Prompt =>
When copying the data below, keep only the lines from the one with "травы, юкка |" through the one with "In ogni nostra", word for word, and skip the pictures.

[[ Source records open ]]

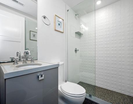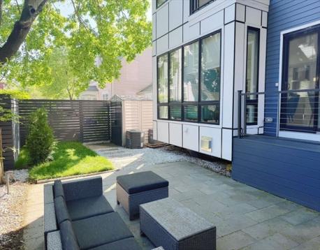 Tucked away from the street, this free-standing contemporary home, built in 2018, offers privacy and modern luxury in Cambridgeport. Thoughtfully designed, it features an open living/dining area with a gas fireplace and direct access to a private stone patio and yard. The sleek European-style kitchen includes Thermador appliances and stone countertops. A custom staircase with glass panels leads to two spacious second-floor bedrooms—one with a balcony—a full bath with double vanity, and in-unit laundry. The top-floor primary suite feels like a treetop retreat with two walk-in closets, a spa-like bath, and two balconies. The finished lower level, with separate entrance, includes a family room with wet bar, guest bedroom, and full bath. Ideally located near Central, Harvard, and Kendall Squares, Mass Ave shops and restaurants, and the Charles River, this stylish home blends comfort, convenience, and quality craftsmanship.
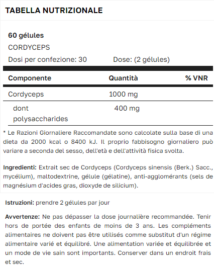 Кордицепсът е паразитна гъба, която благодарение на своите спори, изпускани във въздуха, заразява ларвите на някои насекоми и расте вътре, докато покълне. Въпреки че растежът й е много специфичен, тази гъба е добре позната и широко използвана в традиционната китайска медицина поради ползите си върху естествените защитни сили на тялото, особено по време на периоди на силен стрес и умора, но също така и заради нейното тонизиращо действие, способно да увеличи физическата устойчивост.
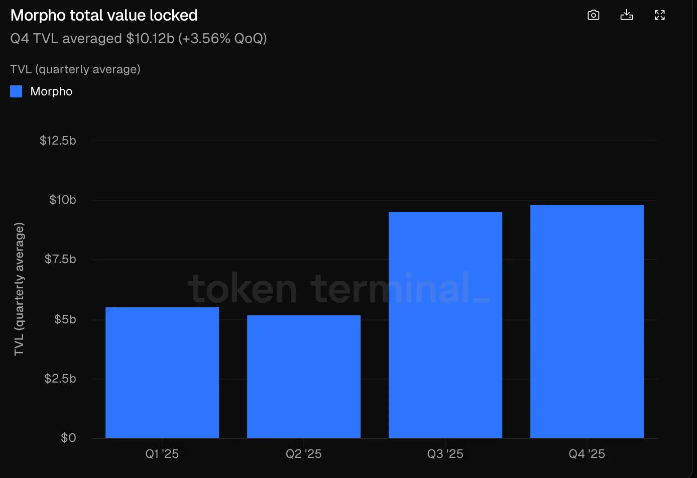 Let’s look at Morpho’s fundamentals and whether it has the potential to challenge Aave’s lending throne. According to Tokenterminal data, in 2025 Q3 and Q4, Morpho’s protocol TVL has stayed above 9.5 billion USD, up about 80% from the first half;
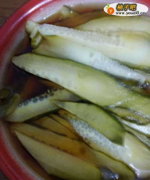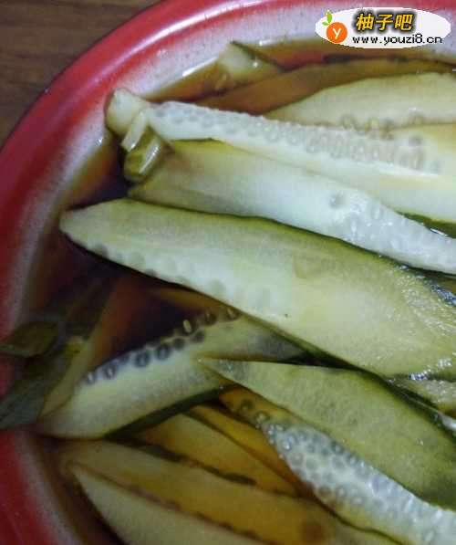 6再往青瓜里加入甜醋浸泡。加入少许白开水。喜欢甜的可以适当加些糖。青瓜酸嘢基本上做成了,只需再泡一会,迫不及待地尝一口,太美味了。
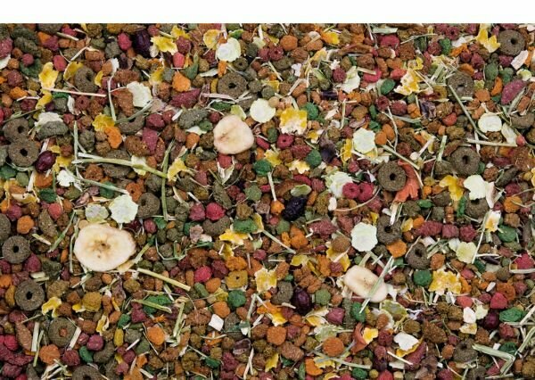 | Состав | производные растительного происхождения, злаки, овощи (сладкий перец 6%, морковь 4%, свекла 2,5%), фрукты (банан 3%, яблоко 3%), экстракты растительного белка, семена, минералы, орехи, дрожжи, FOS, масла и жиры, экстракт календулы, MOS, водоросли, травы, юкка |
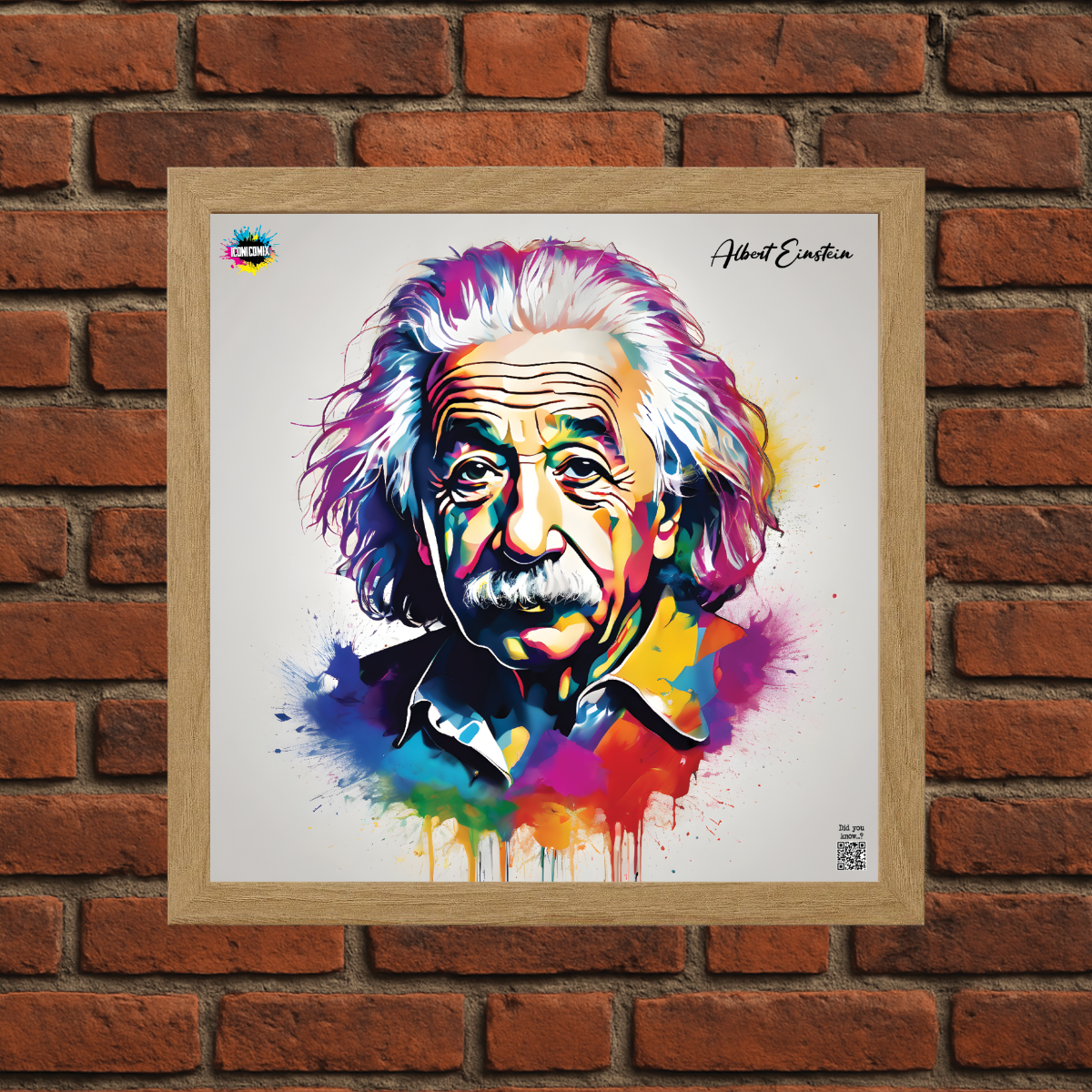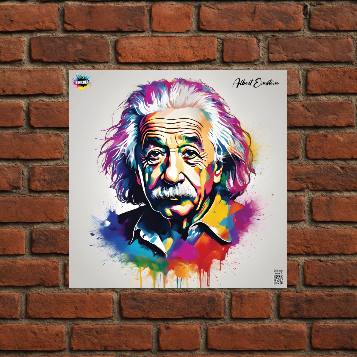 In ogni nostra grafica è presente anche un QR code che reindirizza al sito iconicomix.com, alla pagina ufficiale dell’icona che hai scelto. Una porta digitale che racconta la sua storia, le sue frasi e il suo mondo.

[[ Source records closed ]]
[[ Source records open ]]

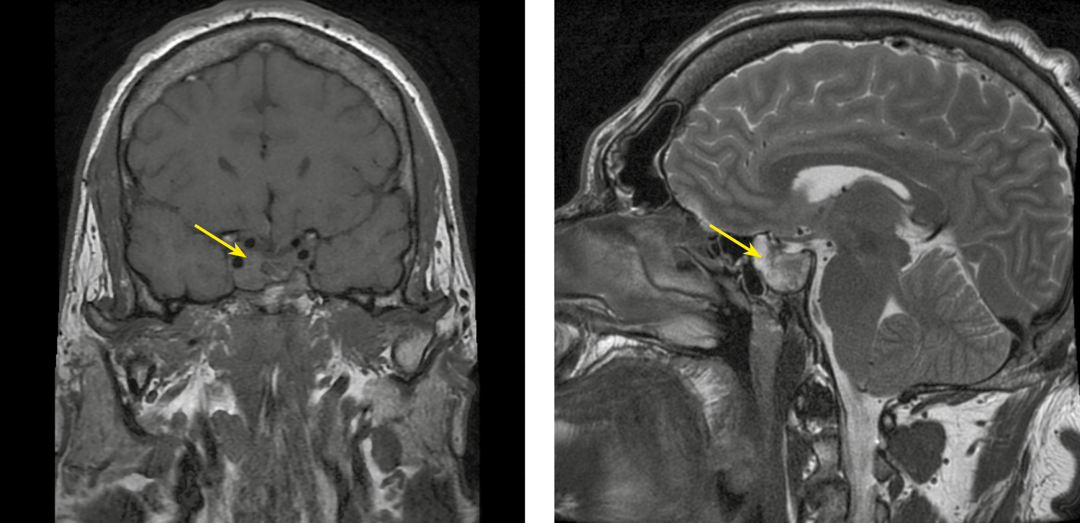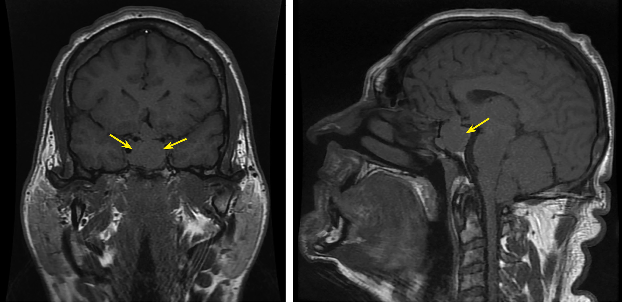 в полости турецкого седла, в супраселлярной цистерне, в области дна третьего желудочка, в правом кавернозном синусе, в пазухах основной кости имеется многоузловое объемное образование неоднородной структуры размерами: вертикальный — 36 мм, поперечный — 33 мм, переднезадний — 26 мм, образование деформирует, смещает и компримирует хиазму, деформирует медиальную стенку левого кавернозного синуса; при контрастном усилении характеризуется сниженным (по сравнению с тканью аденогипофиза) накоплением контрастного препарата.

[[ Source records closed ]]
[[ Source records open ]]

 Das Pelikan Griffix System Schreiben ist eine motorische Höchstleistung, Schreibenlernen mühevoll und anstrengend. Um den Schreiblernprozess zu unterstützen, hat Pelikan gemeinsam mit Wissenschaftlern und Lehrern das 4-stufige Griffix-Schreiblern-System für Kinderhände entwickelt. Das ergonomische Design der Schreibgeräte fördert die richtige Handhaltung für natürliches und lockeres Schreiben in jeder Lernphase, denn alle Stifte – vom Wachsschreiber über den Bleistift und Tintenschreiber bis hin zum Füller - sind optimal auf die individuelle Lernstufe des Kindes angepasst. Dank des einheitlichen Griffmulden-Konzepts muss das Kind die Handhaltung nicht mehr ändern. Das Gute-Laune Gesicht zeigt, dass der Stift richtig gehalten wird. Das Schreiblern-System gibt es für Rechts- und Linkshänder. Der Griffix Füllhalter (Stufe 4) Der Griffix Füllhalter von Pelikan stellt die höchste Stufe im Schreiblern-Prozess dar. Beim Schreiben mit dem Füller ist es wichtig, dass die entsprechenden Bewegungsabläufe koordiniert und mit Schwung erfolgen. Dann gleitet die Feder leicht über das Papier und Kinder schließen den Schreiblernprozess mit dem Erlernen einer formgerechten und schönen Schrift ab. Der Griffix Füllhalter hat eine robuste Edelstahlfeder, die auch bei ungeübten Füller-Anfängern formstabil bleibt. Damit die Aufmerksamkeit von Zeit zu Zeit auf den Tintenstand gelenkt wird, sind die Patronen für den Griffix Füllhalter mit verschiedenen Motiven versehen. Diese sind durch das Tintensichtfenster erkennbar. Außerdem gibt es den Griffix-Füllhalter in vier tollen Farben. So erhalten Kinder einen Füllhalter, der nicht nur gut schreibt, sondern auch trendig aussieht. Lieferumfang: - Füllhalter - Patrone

[[ Source records closed ]]

Problem solution =>
 | Состав | производные растительного происхождения, злаки, овощи (сладкий перец 6%, морковь 4%, свекла 2,5%), фрукты (банан 3%, яблоко 3%), экстракты растительного белка, семена, минералы, орехи, дрожжи, FOS, масла и жиры, экстракт календулы, MOS, водоросли, травы, юкка |
 In ogni nostra grafica è presente anche un QR code che reindirizza al sito iconicomix.com, alla pagina ufficiale dell’icona che hai scelto. Una porta digitale che racconta la sua storia, le sue frasi e il suo mondo.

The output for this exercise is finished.